生徒のレポート例
生徒のレポート例を紹介します。
構成表では「5名」ということになっていましたが、これは校内の国語科で報告するためのものです。ここでは、3名分を紹介します。
3-1レポート例
「償う」の本当の意味
T生
1 質問の焦点
このレポートでは、「少年の日の思い出」の「僕は罪を償えなかった。」についての質問を解いていく。
2 選んだ質問とその理由
2-1 どんな心境で罪を犯してしまったのか?
理由は、罪を犯したときの心境を捉えたいから。
2-2 なぜ、その行動(「一つずつチョウを指で潰してしまった」)で償えると思ったのか?
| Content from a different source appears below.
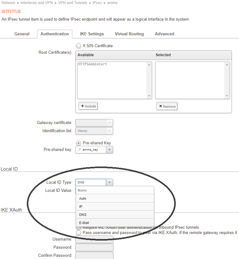 Network» IPsec» VPN and Tunnels» Interfaces and VPN» Amma

「僕は罪を償えなかった」とあるが、具体的になぜチョウをつぶすことが償いになると思ったのか、疑問に思ったから。
2-3 どうして償えないと思ったのか?
「償い」がこの話の中でどう定義されているか、何をもってそう考えたのか、」気になるからである。
3 質問を解く
3-1 どんな心境で罪を犯してしまったのか。
まず、どんな心境で罪を犯したのか、についてだ。
「僕」が犯した罪はエーミールの標本を勝手に持ち出し、潰してしまったことだ。文章から読み取れるように、大きな満足感と逆らい難い欲望を感じていた。その後は自分を取り戻し、恥ずべきことをしたことに気づいたが、最終的に盗みを犯すときの心境は、罪悪感などの負の感情よりも、蝶を見ること、はたまたそれを手に入れることへの喜びの方が多いようにとれる。
つまり、「僕」は、罪を犯したとき、自分の欲望が満たされることへの喜びしか感じていなかったのではないかと分かる。人間の欲深さを伝えているようにも取れるシーンである。
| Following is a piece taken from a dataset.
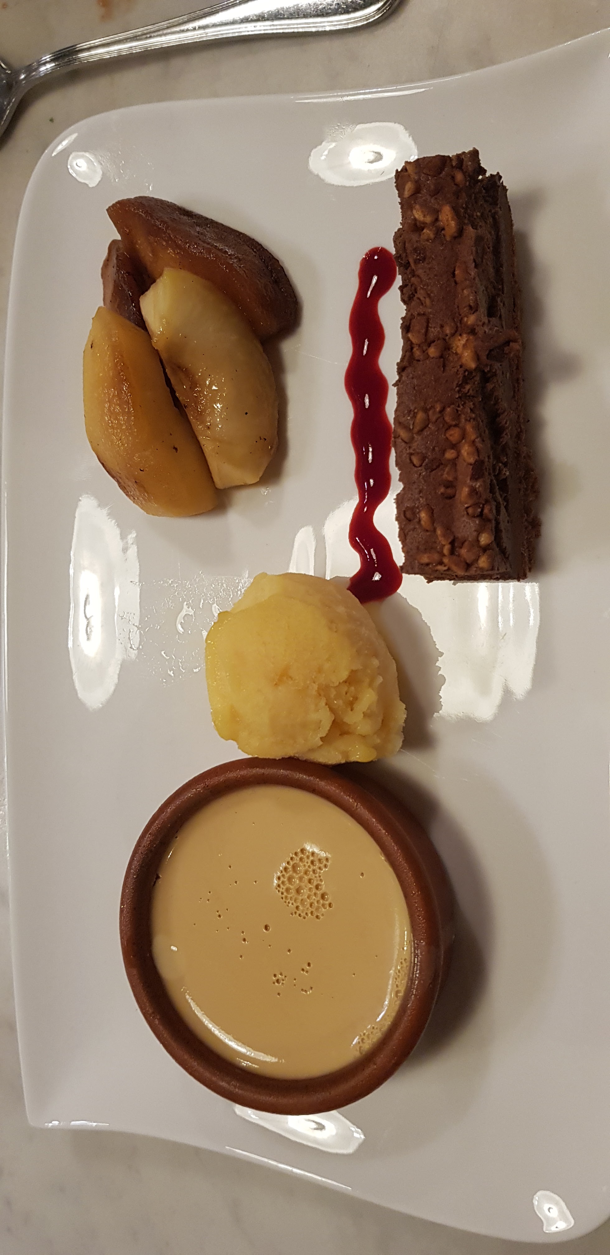 Nous avons mangé un tian d'aubergine à l'agneau, un peu cher pour trois tranches d'aubergine et trois cuillères à soupe d'agneau haché, 19 euros. Il était très bon mais pour le prix, la quantité n'était pas au rdv. Et pour la farandole des desserts à 8euros, pas très originale, une part de tarte raton aux pommes, en sachant que l'on est aux pays des abricots et des pêches 😏,un fondant au chocolat ,une boule de glace vanille et un petit ramequin de fromage blanc avec un coulis de fruit rouge,pas de quoi tombé par terre. Le tout accompagné par 4 verres de vin blanc de pays et 2 expresso pour 78 euros.

3-2 なぜ、自分の蝶を潰すことで償いになると思ったのか。
次に、2の疑問を解き明かしていく。
文章中から取れる償いのシーンは、最後に「僕」が蝶の標本を指で押し潰すシーンだと、私は捉えた。
しかし、ここで疑問が生まれる。それが、「なぜ、それで償えると思ったのか」という疑問だ。
蝶を潰すことは今までの努力を踏みにじること、それはエーミールも同じだ。
しかし、それが罪の償いになり得るのだろうか?
「償う」とは、相手に与えた損害を金銭や労働で返すこと、と国語辞典に記されている。
「僕」の中では、どのようなことが「償い」にあたるのか? はたまた違うことで償おうとしたのか?
私の見解はこうだ。
一つ目は、自分も同じ苦しみを受けようとして蝶を潰した。
二つ目は、今までの思い出を忘れて、この活動から手を引こうとして蝶を潰した。
この二つが有力ではないかと考える。
どちらも子どもには辛いことだ。しかし、それほどの覚悟があるために、できたことだろう。
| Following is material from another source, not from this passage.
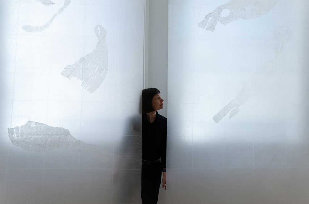 Emergency! What Was Is are long translucent drawings made with waxed paper. They are 5.5 metres long and hang from near the ceiling, cascading to the floor where the paper is crumpled up. The material looks a bit like ice. The surface is pierced through with tiny pin-pricks, creating outline image fragments of glacial archaeology. The pin-pricks let light into the room.

「僕」はどこかで、蝶への思いや感情を消し去ることが、せめてもの「償い」であると感じたのだろう。よって、「僕」の中の「償い」は蝶を潰したことであると、私は捉えた。
3-3 どうして償えないと思ったのか?
さて、これで二つの問は解くことができた。最後に本題の3に入ろう。
「どうして償えないと思ったのか?」それが私にとって一番の疑問である。
物語は、蝶を潰しているところで終わってしまった。のちの展開は、自分で想像するしかない。私だったら泣き叫んでしまうかもしれない。だってそれほど罪を自覚しているから。
人が大事にしていたものをとってしまい、挙句の果てに潰し、エーミールまでも傷つけてしまった。その罪の重さは計り知れないだろう。
たとえ許してもらっても、罪を犯したそのときに、もう償えないものだと、必然的に「僕」は感じていたかもしれない。「一度犯した罪はもう償えないものだと悟った。」この言葉を作者は伝えたかったのかもしれない。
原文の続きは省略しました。